Please understand this document as a recommendation from the EDC project committers team that they compiled to the best of their knowledge. We realize that use case scenarios are plentiful and requirements vary, and not every best practice is applicable everywhere. You know your use case best.

This document is not an exhaustive list of prescribed steps, that will shield adopters from any conceivable harm or danger, but rather should serve as starting point for engineers to build upon.

Finally, it should go without saying that the software of the EDC project is distributed “as is” and committers of EDC take no responsibility or liability, direct or indirect, for any harm or damage caused by the us`e of it. This document does not change that.

2. Security recommendations

2.1 Exposing APIs to the internet

The EDC code base has several outward-facing APIs, exclusively implemented as HTTP/REST endpoints. These have different purposes, different intended consumers and thus different security implications.

As a general rule, APIs should not be exposed directly to the internet. That does not mean that they shouldn’t be accessible via the internet, obviously the connector and related components cannot work without a network connection.
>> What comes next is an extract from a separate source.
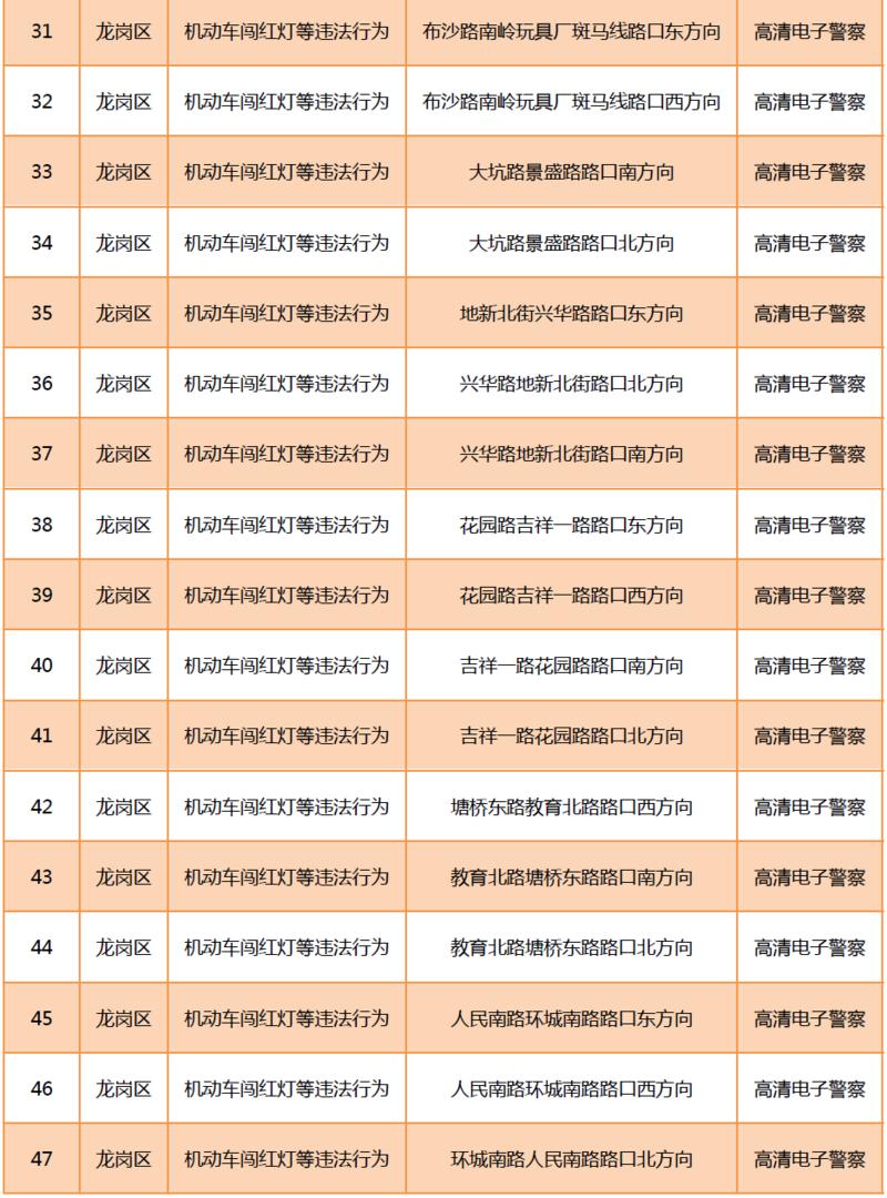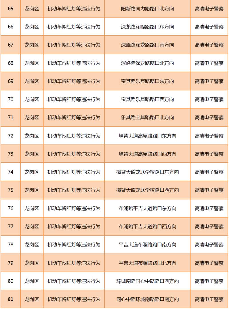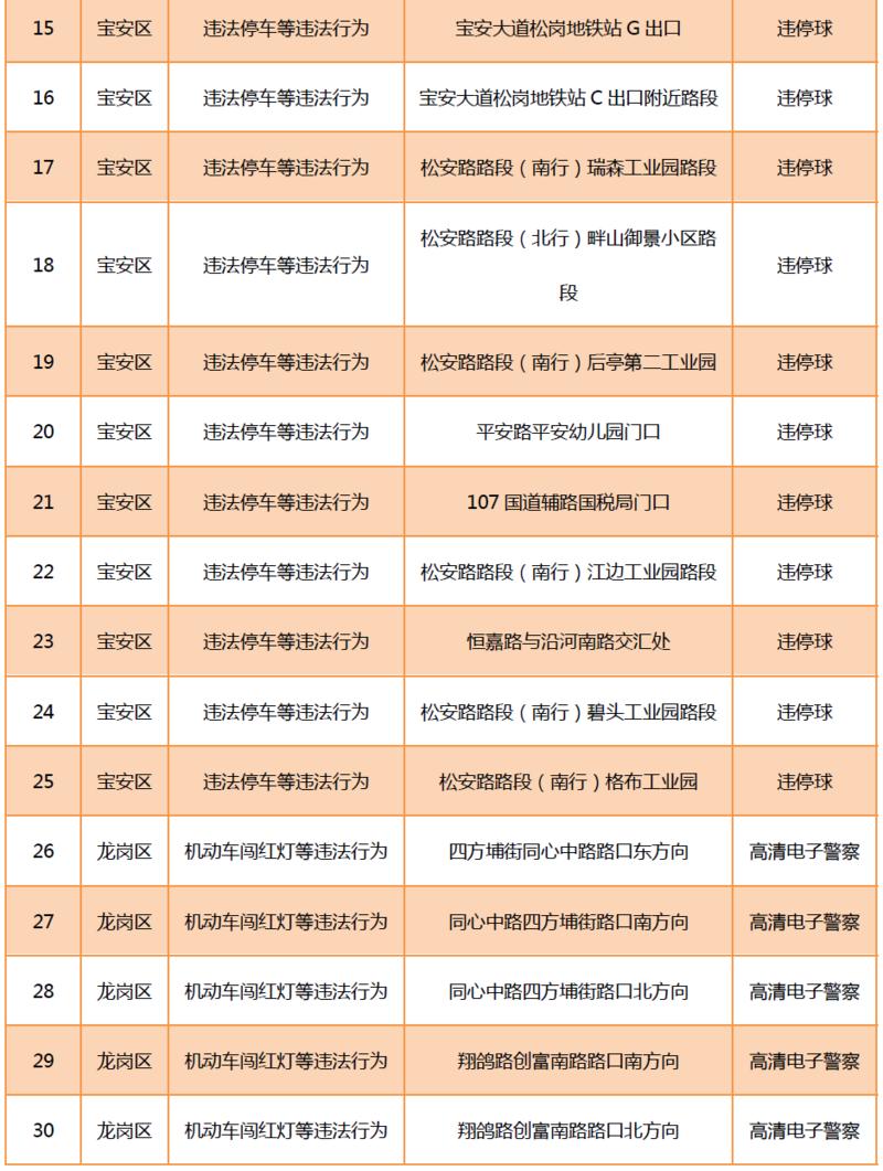見圳客戶端?深圳新聞網(wǎng)2020年6月9日訊(晶報(bào)記者 鄧裴裴)6月9月,深圳市公安局交通警察局發(fā)布關(guān)于公布啟用190套交通技術(shù)監(jiān)控設(shè)備的公告,在福田區(qū)、羅湖區(qū)、寶安區(qū)、龍崗區(qū)、光明區(qū)啟用合計(jì)190套交通技術(shù)監(jiān)控設(shè)備,其中包括閉路電視、違停球、高清電子警察,類型為不按規(guī)定方向行駛或變更車道等違法行為和機(jī)動(dòng)車闖紅燈等違法行為。

This only means that API endpoints should not be directly facing the internet, instead, there should be appropriate infrastructure in place.

It also means that we advise extreme caution when making APIs accessible via the internet - by default only the DSP API and the data plane’s public API should be accessible via the internet, the others (management API, signaling API,…) are intended only for local network access, e.g. within a Kubernetes cluster.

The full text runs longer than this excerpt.